Lisbon instilled within us a new confidence, and it wasn’t long until we were thinking about what we could do next. In the early summer, the idea of a conference came up again. An invitation from bruno books in Venice had us thinking about who else we knew in the area. Christian was in Bologna, Alessandro would be in Trieste, friends in Turin, friends near Milan. We had some friends in Ljubljana, and even some friends in Graz. We realised how many of our friends and collaborators had a presence in Italy, how bruno books themselves were one of the first bookstores to dare to stock our books. We realised Venice was at the centre of our world.
There was, however, one more connection between Becoming Press and Venice, one that had been lying dormant for some years. In Cyprus, everyone knows everyone, so knowing people involved in the National Pavilion isn’t quite the same as it would be somewhere else. So we asked them if their space would be available for some readings and some lectures; people do that, right? Activations. The team were incredibly kind, and very hospitable, but there was an on-going situation that we were made aware of. We could use the space, but we should be conscientious of the situation. It was like raving again: “get in, get out, clean up—don’t make me regret this!”. Upon arriving at the Pavilion, we were struck by something immediate that would explain a lot of the confusion in explaining where the meeting would take place. The Cyprus Pavilion is a bit away from everything else, without neighbours, far from the walled gardens, far from the streets surrounding the Arsenale which were so reminiscent of Cyprus. The Venetians conquered Cyprus, they built the walls that enclose the old city in Nicosia. A little bit sad, perhaps, that the pavilion is isolated, but it wouldn’t have been possible any other way.
We visited the other Pavilions, in their grandeur, in their centrality, in their posturing. Impossible, we could never make anything happen in any of these spaces. The Cyprus pavilion is completely unique in that sense, it has its own tempo, its own rhythm, like the Island itself, it has time to be with itself, in its relative isolation. It’s the most brilliant Pavilion, where you really step out of Venice, and into something more real. An empty room, with a single concrete pillar holding up the ceiling, encircled by a crescent stone wall curved around it. An artwork that carries with it a story from the Island. When you need to talk, you create a place to do so. In a way, these artists realised their artwork in our arrival; they made a place to sit and talk, not for us, but as if it were for us. In anticipation of a possibility.
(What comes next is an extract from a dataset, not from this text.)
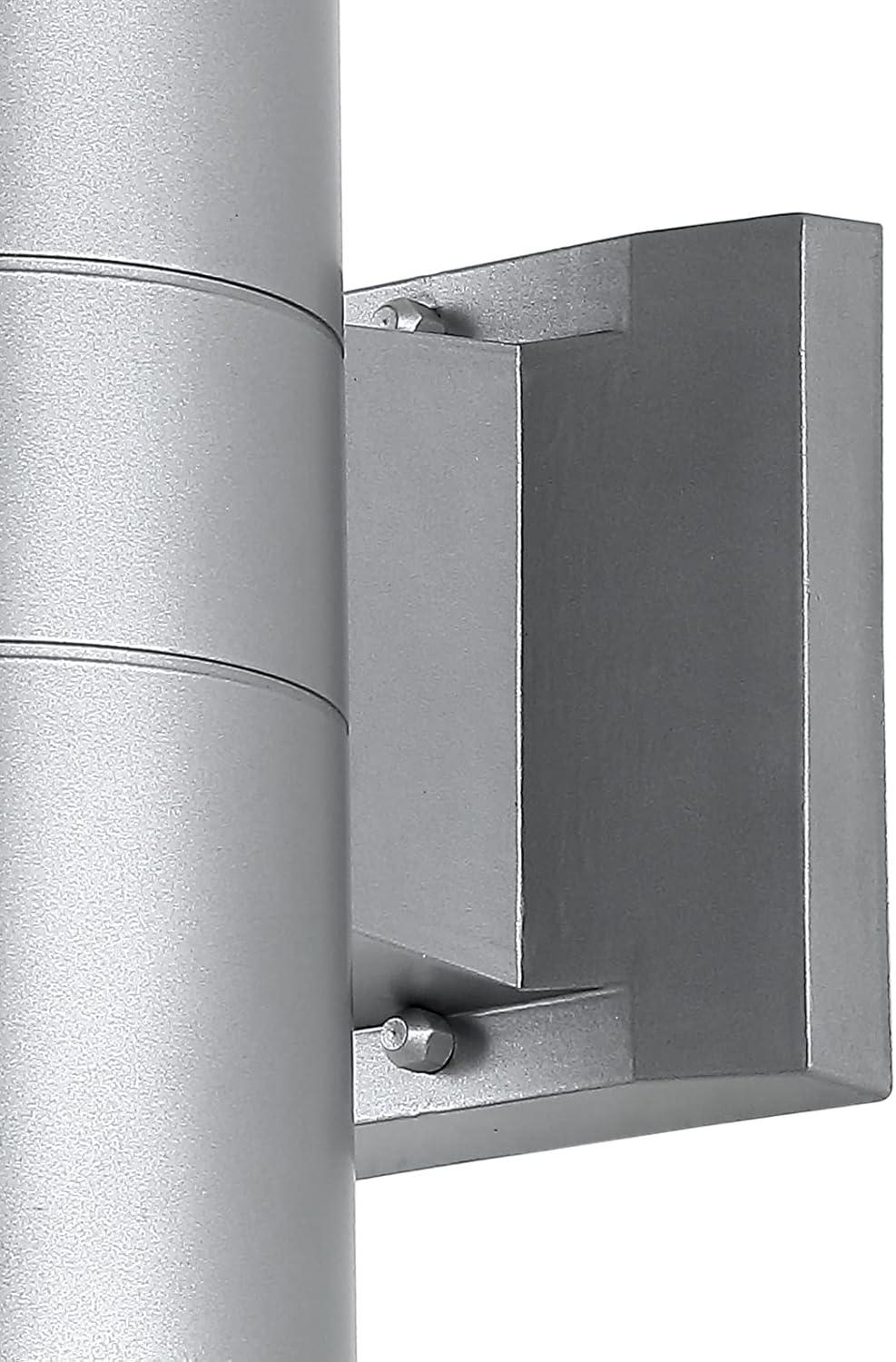 Understated and functional, this silver cylindrical wall light shines both up and down. Solid metal construction features a sturdy square backplate and glass covers for the bulbs. Ideal as accent lighting for a courtyard or wall; use several to illuminate your home's architecture.

So we met, we came together in Venice to sit and talk. We came together to get to know the people we were collaborating with. We held lectures in the Pavilion, and book presentations in bruno. We were even lucky enough, at a very late stage, to find Casa Punto Croce, a DIY space, to host an edition of Open Secret in their garden area. We literally didn’t have power in our hotel for 4 days during our time in Venice, nor hot water, but we achieved what we went there for. We held our five events, we recorded all of it, and we got to spend time with an amazing group of people.